Setya Novanto (kanan) bersama Fadli Zon dalam jumpa pers terkait pertemuan dengan Donald Trump di Senayan, Jakarta, 14 September 2015. Proyek bersama Hary Tanoesoedibjo dan Donald Trump adalah pengelolaan resor di kawasan Lido, Bogor, Jawa Barat. TEMPO/Dhemas Reviyanto
TEMPO.CO, Jakarta - Mahkamah Kehormatan Dewan akan membahas pelanggaran kode etik pimpinan DPR dalam rapatnya Senin, 12 Oktober 2015. Pelanggaran ini terkait dengan kedatangan pimpinan DPR, Setya Novanto dan Fadli Zon, ke konferensi pers Donald Trump. "Sudah dipanggil tapi belum ada jawaban," kata Wakil Ketua Mahkamah Kehormatan DPR Sufmi Dasco Ahmad pada Tempo di Jakarta, Minggu, 11 Oktober 2015.

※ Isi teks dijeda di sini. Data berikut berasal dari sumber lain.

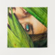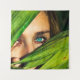 Tenture Femme derrière les feuilles verts
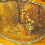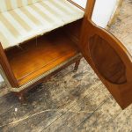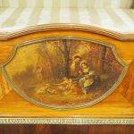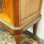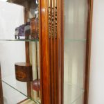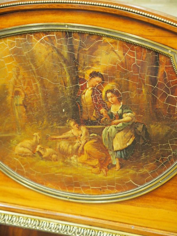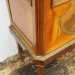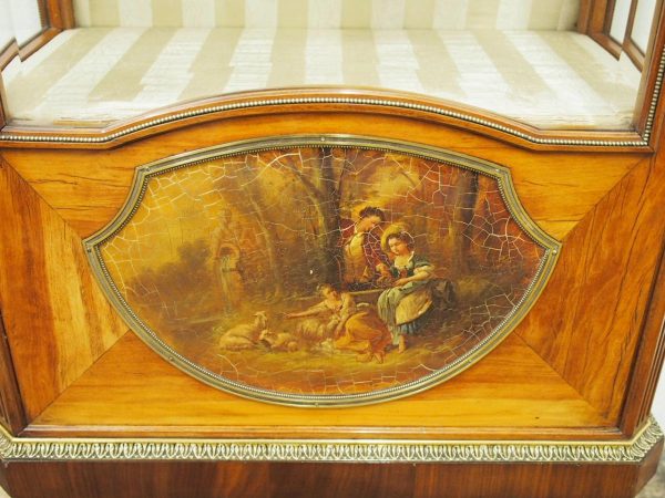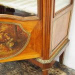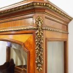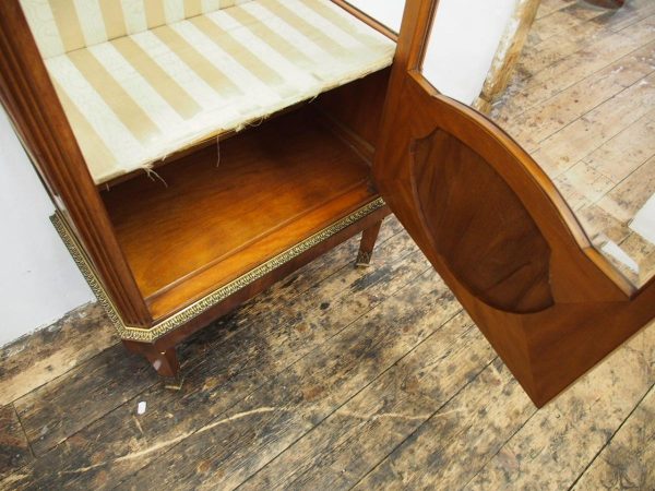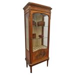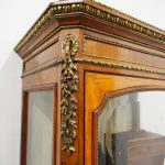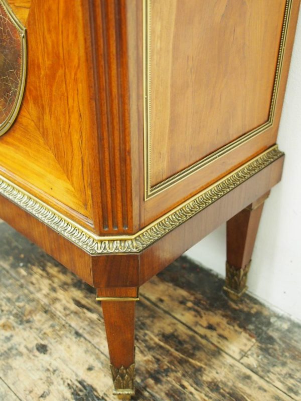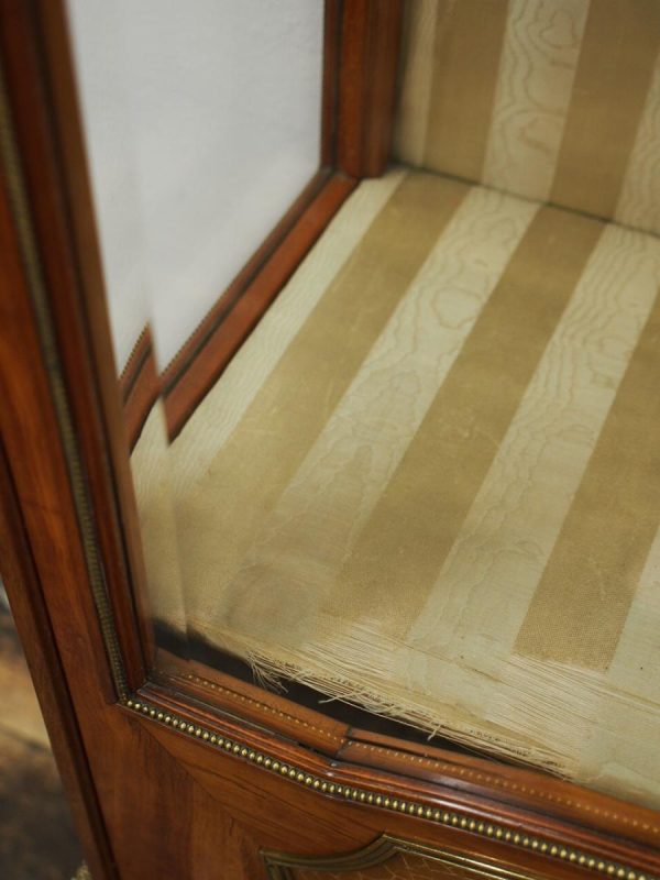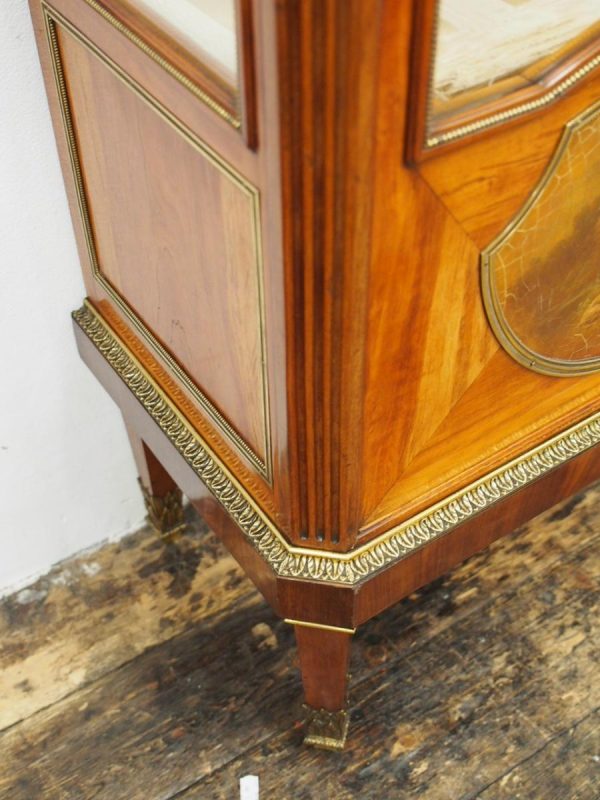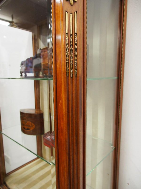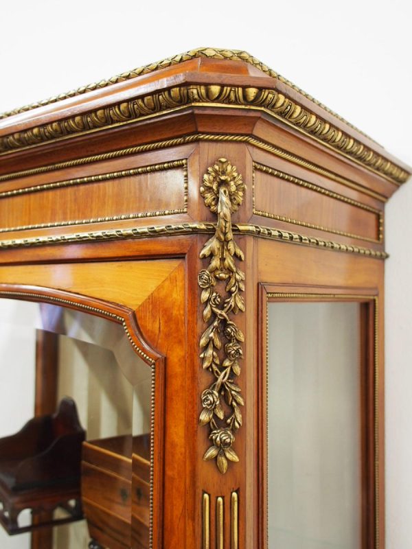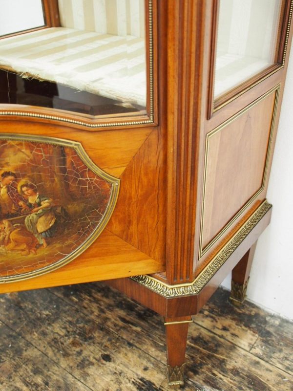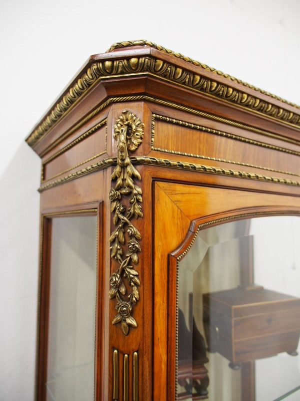 Circa 1870, French walnut display cabinet. The top features a simple frieze, shaped cornice and neoclassical style ormolu mounts. The canted sides are surmounted by ormolu garlands and fluted decorations with ormolu infills. It has a single door with shaped, bevelled-edge glass, above a vernis martin panel with a pastoral scene. The base of the cabinet has a simple skirt with ormolu mounts, and it all stands on tapered, square supports with foliate style ormolu feet.

Salah satu pelapor kasus dugaan kode etik sekaligus anggota fraksi Partai Demokrasi Indonesia Perjuangan, Adian Napitupulu mengatakan akan menyerahkan sepenuhnya hasil pemeriksaan kepada MKD. Namun, ia meminta MKD untuk memberikan sanksi yang tegas bagi keduanya. "Ini masalahnya terkait kehormatan DPR. Dalam MKD seseorang dapat dilepas jabatannya jika melanggar tata negara," ujar Adian pada Tempo.

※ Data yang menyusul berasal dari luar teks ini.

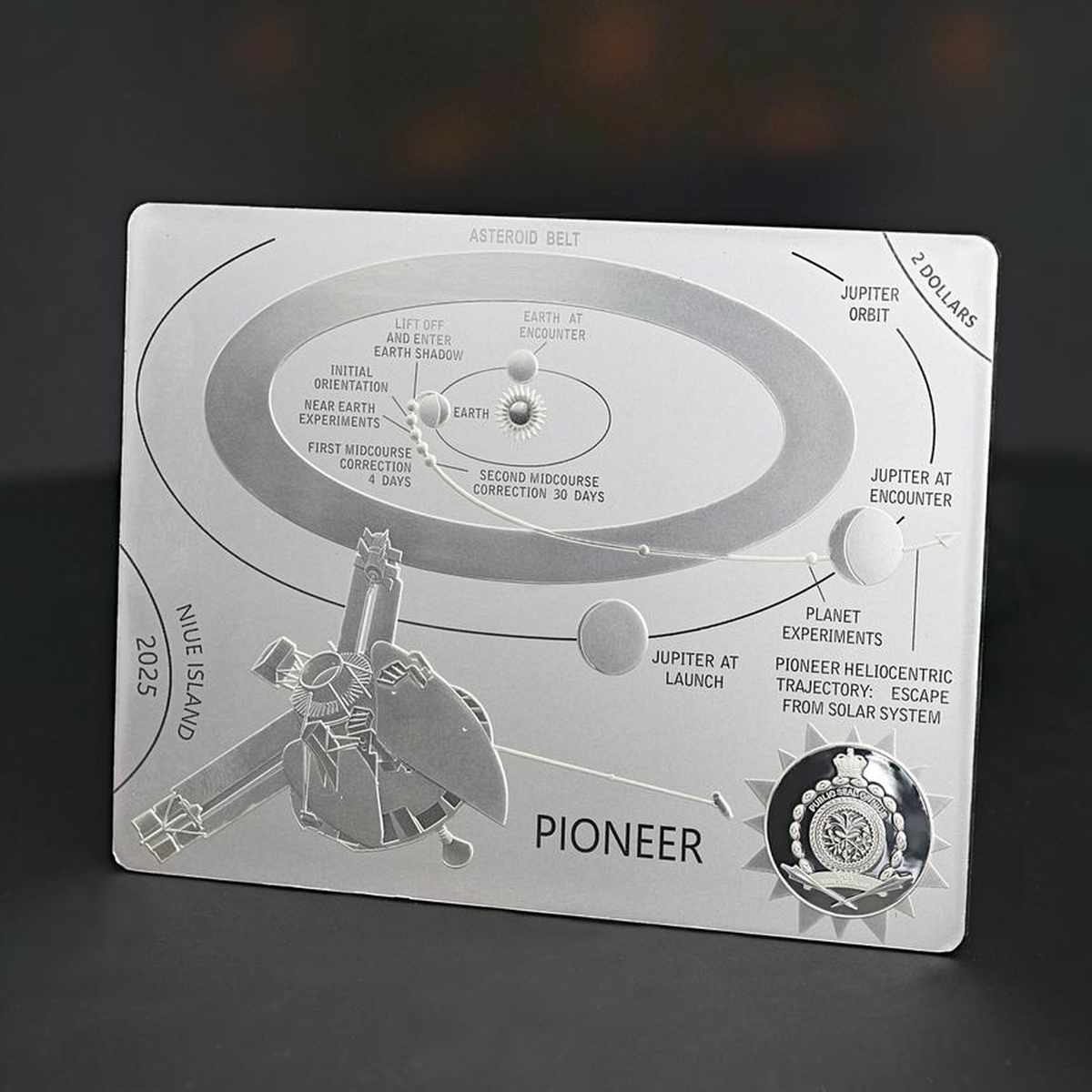 On board Pioneer 10 was a plaque similar to the famous one affixed to Voyager 1. The brainchild of popular scientist, Carl Sagan, it’s designed to tell any alien discoverer of who built the craft, and depicts a man and a woman (alongside the probe for scale), a hydrogen molecule, the location of Earth relative to 14 pulsars, and Pioneer 10s route through our solar system. A clever item, and a cool inspiration for Powercoin’s latest silver coin.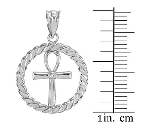 Donne Collana Pendente Argento Sterling 925 Cordata Circolo Egiziano Ankh Croce Con Zirconia (Viene Fornito Con Una Catena Da 45cm)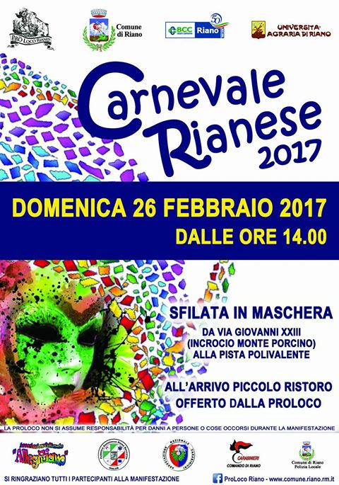 Anche quest'anno la PROLOCO di Riano è fiera ed orgogliosa di presentare il "carnevale Rianese". dopo il successo delle ultime edizioni organizzate e dirette dalla Proloco, che hanno visto sfilare carri e gruppi mascherati per le vie di Riano anche per quest'anno si è deciso di portare un pò di allegria nel nostro paese.come ogni evento vi attendiamo numerosi e più precisamente in piazza degli eroi alle ore 14.00 per sfilare insieme a noi, ed insieme a tutti gli altri gruppi che hanno deciso di partecipare e condividere questo bel evento con gruppi mascherati e carri allegorici.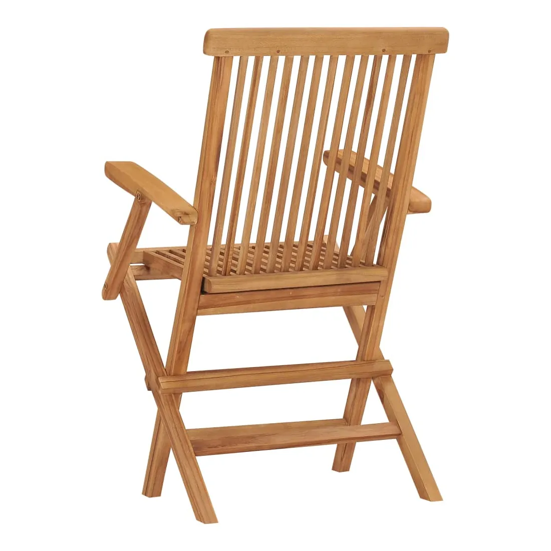 Cet ensemble de chaises de jardin, au design simple mais élégant, vous offre une expérience d'assise confortable. Construite à partir de bois dur de teck extrêmement durable, cette pièce de meuble en teck a été chevronnée, séchée au four puis poncée finement lui pour donner un aspect très lisse. Le bois de teck est connu pour sa solidité et sa résistance aux intempéries exceptionnelles, ce qui le rend bien plus adapté aux meubles de jardin que tout autre type de bois. Le bois de teck est le choix parfait si vous souhaitez acheter un meuble de jardin durable. De plus, les chaises en bois peuvent être facilement repliées lorsqu'elles ne sont pas utilisées. Remarque : afin de prolonger la durée de vie de vos meubles d'extérieur, nous vous recommandons de les nettoyer régulièrement et de ne pas les laisser à l'extérieur sans protection inutilement.Nettoyage : utiliser une solution savonneuse douceStockage : si possible, stockez dans un endroit frais et sec à l'intérieur. Si le produit est stocké à l'extérieur, protégez-le avec une housse imperméable. Essuyez et séchez l'excès d'eau ou de neige des surfaces planes après la pluie ou une chute de neige. Permettez une circulation d'air suffisante afin d'éviter les dommages liés à l'humidité.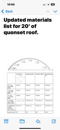 Use for roofing. No rafters required. Bolt up, bottom base to attach to walls and bolts supplied. Plans supplied with Engineers seal. Height from base is 11’4”. Width is 40’ length from 20’ to 100’.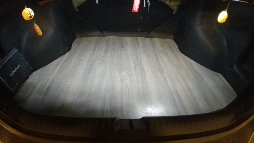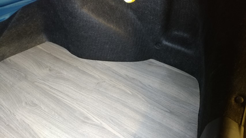 With the inside of the car feeling fresh I thought the trunk needed some attention. I originally had a universal trunk mat and was slowly collecting too much junk such as cleaning supplies and top up fluids. I collected all my cleaning supplies into a bucket to keep at work. I also got rid of a lot of top up fluids that were in large 4L containers. The only items I kept were 1L of oil and 2L of washer fluid which are neatly kept under the trunk with the spare for emergencies. Lastly I have seen it done before online so it’s nothing original but I got my hands on a case of laminate flooring and cut out a new floor. I had planned to do this a while back when I first saw it but never had any motivation until now to do it.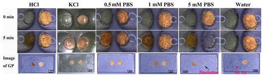 Different concentrations of PBS solutions were used to study the effect of solution conductivity on the electrochemical reaction on the bipolar electrodes (Table S1). The right reservoir was filled with water, 0.5 mM PBS, 1 mM PBS, and 5 mM PBS. The left reservoir was filled with a 5 mM HAuCl4 solution. As shown in Figure 3, Au was deposited on the left GP without any significant change from the right reservoir’s Au film when 0.5 and 1 mM PBS were used. However, the Au film in the right reservoir decomposed when the PBS concentration was increased to 5 mM. When the right reservoir was filled with ultrapure water, no obvious change was observed on the graphite paper electrodes at the left and right ends, suggesting that the electrochemical oxidation of gold did not occur at the BPE anode, and the reduction of HAuCl4 did not occur at the cathode. In summary, the electrochemical reactions on bipolar electrodes are mainly affected by the conductivity of the solution.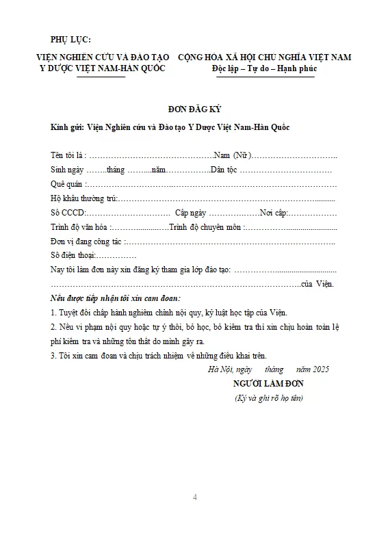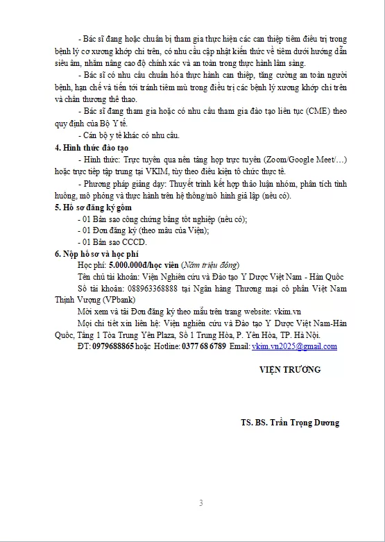 Mọi chi tiết xin liên hệ: Viện nghiên cứu và Đào tạo Y Dược Việt Nam-Hàn Quốc, Tầng 1 Tòa Trung Yên Plaza, Số 1 Trung Hòa, P. Yên Hòa, TP. Hà Nội.

Adian percaya MKD dapat berlaku adil dan memiliki loyalitas terhadap rakyat. Ia menganggap tindakan kedua pimpinan DPR telah menjadikan DPR bahan tertawaan. Apalagi status keduanya sebagai pimpinan Dewan, yang bisa dianggap bahwa keduanya pergi sebagai perwakilan 560 anggota DPR lainnya. Menurut Adian, hadir di konferensi pers calon presiden Amerika tersebut tidak sepatutnya dilakukan. Bahkan menurut dia hadir di pemilihan kepala daerah di dalam negeri saja tidak boleh, apalagi ini di acara kampanye presiden Amerika.
Pada awal September lalu, Setya Novanto berserta rombongan terlihat hadir di acara konferensi pers calon presiden Amerika, Donald Trump. Hal ini lantas menuai kontroversi di dalam negeri dan juga menjadi perhatian manca negara. Atas hal ini dua pimpinan Dewan yang hadir, yakni Setya Novanto dan Fadli Zon dilaporkan ke MKD terkait dengan dugaan pelanggaran kode etik.